In a case–control study in a cohort of deceased funeral industry workers, those who died from lymphohematopoietic malignancies and brain tumors were compared with control subjects. Lifetime work practices and exposures to formaldehyde were obtained by interviews with next of kin and coworkers.
The number of years of embalming practice and related formaldehyde exposures in the funeral industry was associated with statistically significantly increased mortality from myeloid leukemia. No associations were observed with other lymphohematopoietic malignancies. Associations with brain cancer were unclear.
Further studies are warranted to investigate the risk of leukemia in relation to specific embalming practices and exposures and to investigate this risk in other groups of professionals who are exposed to formaldehyde and have an increased risk of leukemia (ie, anatomists and pathologists).

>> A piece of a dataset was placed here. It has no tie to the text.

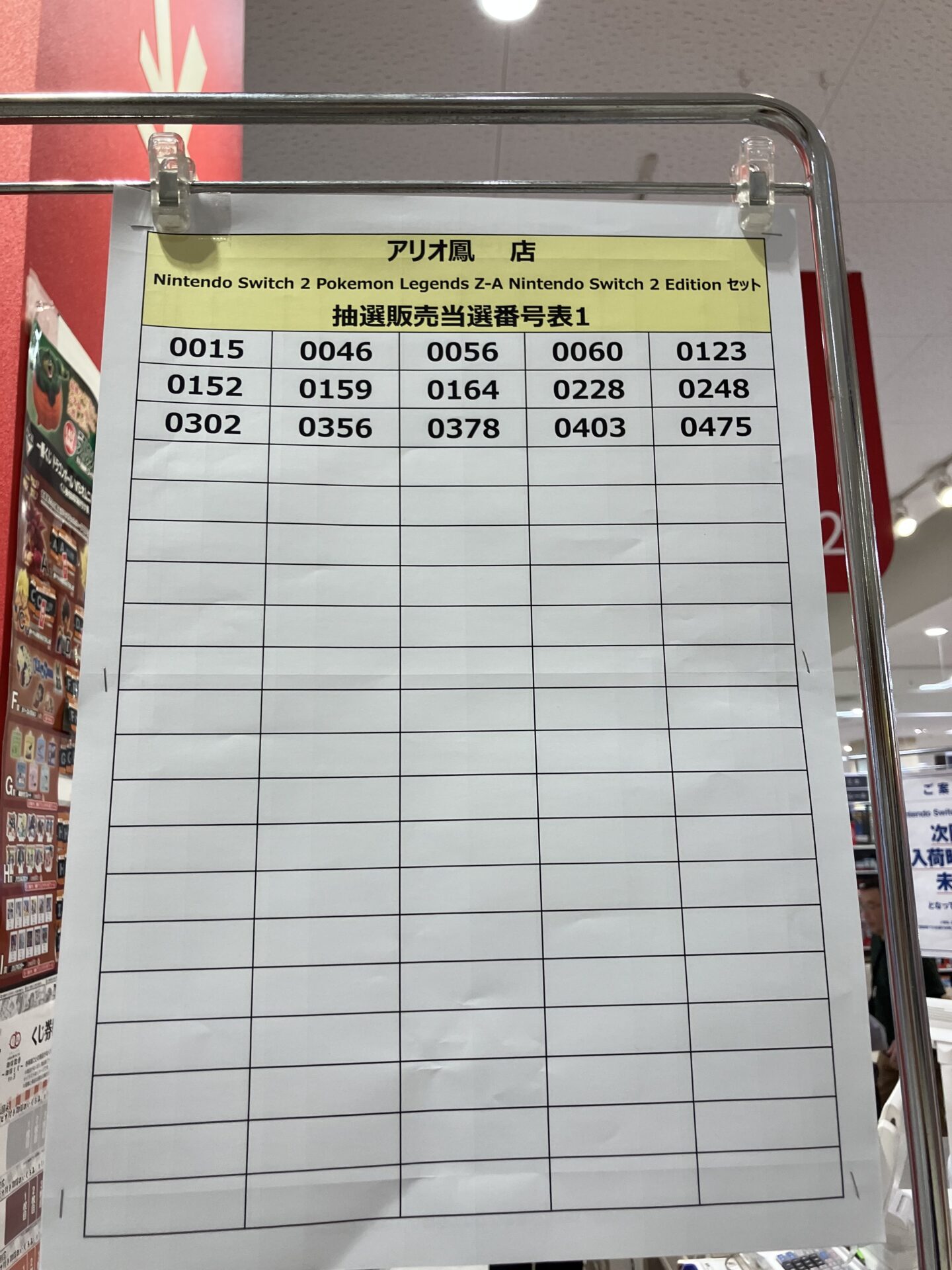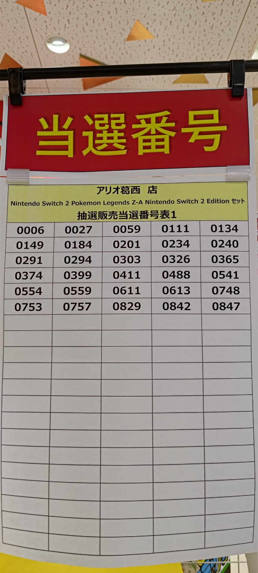 アリオ北砂店のswitch2の当選番号わかる方いましたらお願いします!

Exposures to formaldehyde were obtained from interviews with next of kin and coworkers. There were relatively few deaths from myeloid leukemia among case subjects. There was a considerable amount of missing data that required imputation for analyses.
From the Editors
In recent decades, more than 2 million US workers are exposed to formaldehyde (1), including anatomists, pathologists, and professionals who are employed in the funeral industry and who handle bodies or biological specimens preserved with formaldehyde. Surveys of causes of death in these professions have shown excess numbers of lymphohematopoietic malignancies (2–11), in particular nonlymphocytic leukemia (3–6), and brain cancer (2–6,9–12) among these groups. However, specific work practices and exposures were not characterized in these studies (2–12)—three of which (4–6) used length of licensure to approximate duration of employment and obtained inconsistent results. Recently, some studies (2,13–15) of industrial workers exposed to formaldehyde noted excess numbers of deaths from lymphohematopoietic malignancies. One of these studies (15) used quantitative exposure estimates and observed an association for peak formaldehyde exposure, which is consistent with formaldehyde being a causative agent for lymphohematopoietic malignancies.
A recent review by the International Agency for Research on Cancer classified formaldehyde as a human carcinogen (group I) because of its genotoxic characteristics, because of experimental observations of nasal cancer in rodents, and because of epidemiological evidence showing excess numbers of patients with or deaths from nasopharyngeal cancer among exposed groups (16,17). The evidence on occupational exposure to formaldehyde and leukemia was considered strong, but it was not sufficient to establish causality.
To follow-up leads from mortality surveys, we investigated the relationships of lifetime work histories, work practices, and predicted formaldehyde exposure levels in the funeral industry to risk for leukemia, other lymphohematopoietic malignancies, and brain cancer. Nasopharyngeal cancer was also of interest but, as expected, few deaths from this rare disease were identified.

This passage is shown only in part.